TLS is most commonly used with HTTP to make it secure (HTTPS)
A website must have an SSL/TLS certificate for their web server/domain name to use SSL/TLS encryption. Once installed, the certificate enables the client and server to securely negotiate the level of encryption in the following steps:
- The client contacts the server using a secure URL (HTTPS…).
- The server sends the client its certificate and public key.
- The client verifies this with a Trusted Root Certification Authority to ensure the certificate is legitimate.
- The client and server negotiate the strongest type of encryption that each can support.
- The client encrypts a session (secret) key with the server’s public key, and sends it back to the server.
- The server decrypts the client communication with its private key, and the session is established.
- The session key (symmetric encryption) is now used to encrypt and decrypt data transmitted between the client and server.
Both the client and server are now using HTTPS (SSL/TLS + HTTP) for their communication. Web browsers validate this with a lock icon in the browser address bar. HTTPS functions over Port 443.
Once you leave the website, those keys are discarded. On your next visit, a new handshake is negotiated, and a new set of keys are generated.
Depending on the version of TLS/SSL different symmetric and asymmetric algorithms can be used. Some TLS versions can use RSA for its key exchange and handshake while other versions use Diffie-Hellman.
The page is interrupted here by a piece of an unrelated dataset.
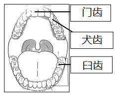 ①请把各类牙齿的名称填在方框中。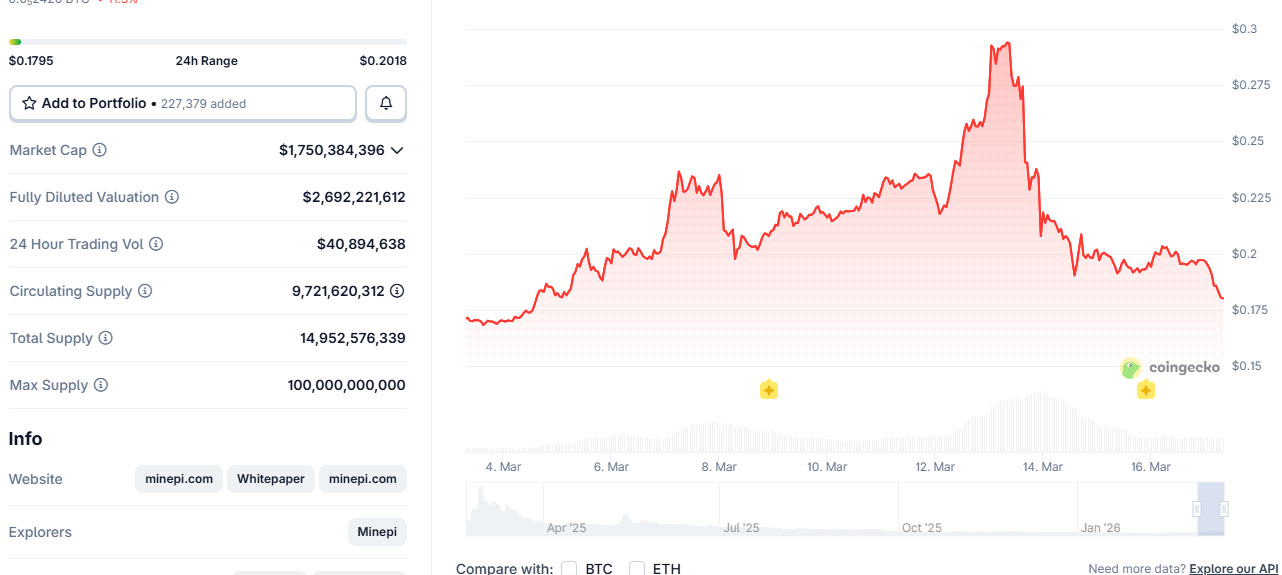Coincidentally (or not), this massive price drop was on Pi Day. After trying to rebound yesterday to over $0.20, PI has been rejected once more, and now sits at $0.18 after a 11% daily decline. Its market cap has fallen to $1.750 billion, making it the 50th-largest cryptocurrency by that metric. Just a few days ago, PI had entered the top 40 on CoinGecko.

Versions of TLS also use AES or 3DES for its symmetric encryption bulk data transfers.
A question I had while researching about the different encryption techniques and the keys they each use was how the keys themselves are securely stored. Also how most local files were encrypted when stored.
Takes an input of some arbitrary length and hashes it into an output of fixed length. Common data type used when working with certain data (passwords, ...). Hashing is collision free so no two different inputs will be mapped to the same output.
- Hash functions are mathematical functions that transform or "map" a given set of data into a bit string of fixed size, also known as the "hash value."
- Hash functions are used in cryptography and have variable levels of complexity and difficulty.
- Hash functions are used for cryptocurrency, password security, and message security.
Cryptographic hash functions add security features to typical hash functions, making it more difficult to detect the contents of a message or information about recipients and senders. Often hashing functions go through multiple cycles to add to the stored security. Secure Hash Function (SHA) is an algorithm developed by NIST with SHA-3 being the most recent version based on the Keccak algorithm.